*** DATA PROVIDED Section Begins ***

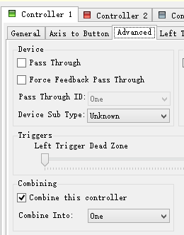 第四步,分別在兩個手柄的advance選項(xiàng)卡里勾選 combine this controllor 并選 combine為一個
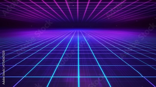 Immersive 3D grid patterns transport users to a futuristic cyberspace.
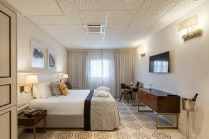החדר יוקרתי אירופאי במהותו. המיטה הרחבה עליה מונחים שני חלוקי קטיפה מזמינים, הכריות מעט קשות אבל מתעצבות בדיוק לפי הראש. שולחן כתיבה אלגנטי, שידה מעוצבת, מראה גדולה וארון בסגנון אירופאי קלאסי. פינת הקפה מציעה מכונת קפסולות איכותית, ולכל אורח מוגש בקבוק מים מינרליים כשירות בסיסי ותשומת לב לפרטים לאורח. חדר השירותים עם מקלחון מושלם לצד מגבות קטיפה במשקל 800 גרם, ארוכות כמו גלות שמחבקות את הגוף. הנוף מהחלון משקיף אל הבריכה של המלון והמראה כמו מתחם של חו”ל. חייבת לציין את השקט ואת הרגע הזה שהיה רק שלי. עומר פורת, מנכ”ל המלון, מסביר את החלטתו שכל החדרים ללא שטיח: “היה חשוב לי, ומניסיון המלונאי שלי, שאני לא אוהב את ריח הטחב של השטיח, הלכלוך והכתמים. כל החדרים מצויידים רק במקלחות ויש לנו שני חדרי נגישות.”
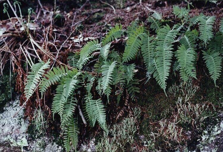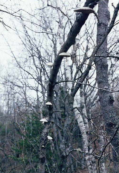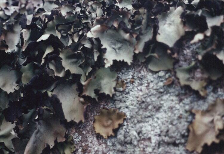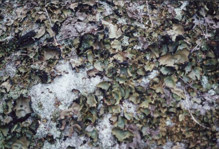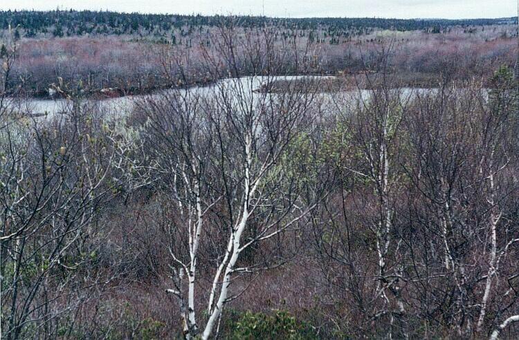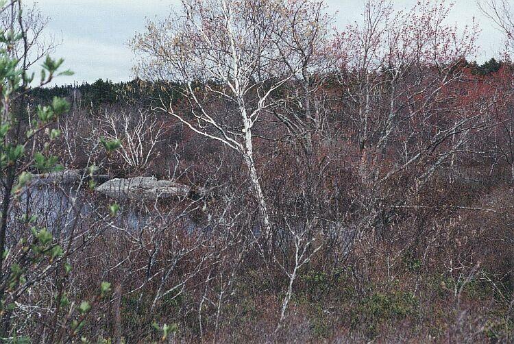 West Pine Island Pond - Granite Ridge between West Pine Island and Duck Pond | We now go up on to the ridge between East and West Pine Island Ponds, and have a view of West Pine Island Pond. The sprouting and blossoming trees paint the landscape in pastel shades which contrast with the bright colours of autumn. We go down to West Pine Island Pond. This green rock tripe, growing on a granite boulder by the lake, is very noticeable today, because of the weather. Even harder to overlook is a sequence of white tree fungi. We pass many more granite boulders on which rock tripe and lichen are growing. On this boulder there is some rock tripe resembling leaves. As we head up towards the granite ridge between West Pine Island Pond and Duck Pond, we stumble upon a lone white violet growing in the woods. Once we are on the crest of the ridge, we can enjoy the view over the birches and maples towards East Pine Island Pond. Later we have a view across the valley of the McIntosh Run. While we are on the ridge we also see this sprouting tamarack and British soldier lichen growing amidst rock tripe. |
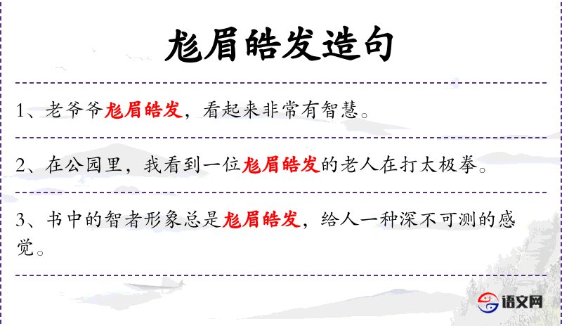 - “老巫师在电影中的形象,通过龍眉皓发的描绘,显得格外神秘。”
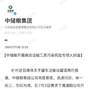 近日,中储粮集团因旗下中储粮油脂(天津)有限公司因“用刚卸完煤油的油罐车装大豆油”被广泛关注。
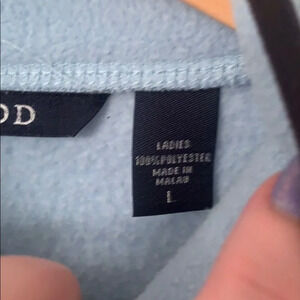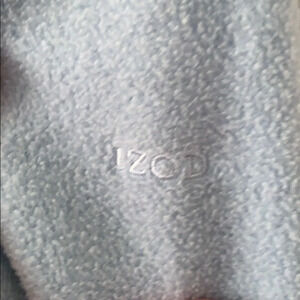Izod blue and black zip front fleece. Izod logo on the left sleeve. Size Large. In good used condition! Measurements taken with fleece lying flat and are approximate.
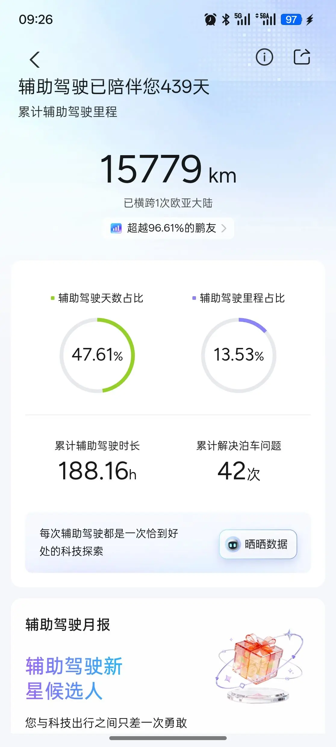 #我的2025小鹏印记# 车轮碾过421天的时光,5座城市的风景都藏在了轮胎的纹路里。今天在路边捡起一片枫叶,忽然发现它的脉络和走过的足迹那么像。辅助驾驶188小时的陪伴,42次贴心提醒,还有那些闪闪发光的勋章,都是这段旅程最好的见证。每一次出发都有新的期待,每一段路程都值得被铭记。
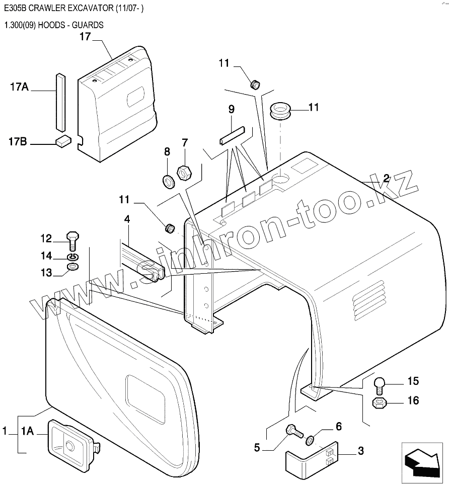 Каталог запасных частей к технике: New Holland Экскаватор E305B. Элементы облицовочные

*** DATA PROVIDED Section Ends ***

→ PROBLEM DESCRIPTION
Your reply should be the full data above, copied exactly, with no pictures in it.

→ RESPONSE TO THIS TASK
 第四步,分別在兩個手柄的advance選項(xiàng)卡里勾選 combine this controllor 并選 combine為一個
 Immersive 3D grid patterns transport users to a futuristic cyberspace.
החדר יוקרתי אירופאי במהותו. המיטה הרחבה עליה מונחים שני חלוקי קטיפה מזמינים, הכריות מעט קשות אבל מתעצבות בדיוק לפי הראש. שולחן כתיבה אלגנטי, שידה מעוצבת, מראה גדולה וארון בסגנון אירופאי קלאסי. פינת הקפה מציעה מכונת קפסולות איכותית, ולכל אורח מוגש בקבוק מים מינרליים כשירות בסיסי ותשומת לב לפרטים לאורח. חדר השירותים עם מקלחון מושלם לצד מגבות קטיפה במשקל 800 גרם, ארוכות כמו גלות שמחבקות את הגוף. הנוף מהחלון משקיף אל הבריכה של המלון והמראה כמו מתחם של חו”ל. חייבת לציין את השקט ואת הרגע הזה שהיה רק שלי. עומר פורת, מנכ”ל המלון, מסביר את החלטתו שכל החדרים ללא שטיח: “היה חשוב לי, ומניסיון המלונאי שלי, שאני לא אוהב את ריח הטחב של השטיח, הלכלוך והכתמים. כל החדרים מצויידים רק במקלחות ויש לנו שני חדרי נגישות.”
 West Pine Island Pond - Granite Ridge between West Pine Island and Duck Pond | We now go up on to the ridge between East and West Pine Island Ponds, and have a view of West Pine Island Pond. The sprouting and blossoming trees paint the landscape in pastel shades which contrast with the bright colours of autumn. We go down to West Pine Island Pond. This green rock tripe, growing on a granite boulder by the lake, is very noticeable today, because of the weather. Even harder to overlook is a sequence of white tree fungi. We pass many more granite boulders on which rock tripe and lichen are growing. On this boulder there is some rock tripe resembling leaves. As we head up towards the granite ridge between West Pine Island Pond and Duck Pond, we stumble upon a lone white violet growing in the woods. Once we are on the crest of the ridge, we can enjoy the view over the birches and maples towards East Pine Island Pond. Later we have a view across the valley of the McIntosh Run. While we are on the ridge we also see this sprouting tamarack and British soldier lichen growing amidst rock tripe. |
 - “老巫师在电影中的形象,通过龍眉皓发的描绘,显得格外神秘。”
 近日,中储粮集团因旗下中储粮油脂(天津)有限公司因“用刚卸完煤油的油罐车装大豆油”被广泛关注。
Izod blue and black zip front fleece. Izod logo on the left sleeve. Size Large. In good used condition! Measurements taken with fleece lying flat and are approximate.
 #我的2025小鹏印记# 车轮碾过421天的时光,5座城市的风景都藏在了轮胎的纹路里。今天在路边捡起一片枫叶,忽然发现它的脉络和走过的足迹那么像。辅助驾驶188小时的陪伴,42次贴心提醒,还有那些闪闪发光的勋章,都是这段旅程最好的见证。每一次出发都有新的期待,每一段路程都值得被铭记。
 Каталог запасных частей к технике: New Holland Экскаватор E305B. Элементы облицовочные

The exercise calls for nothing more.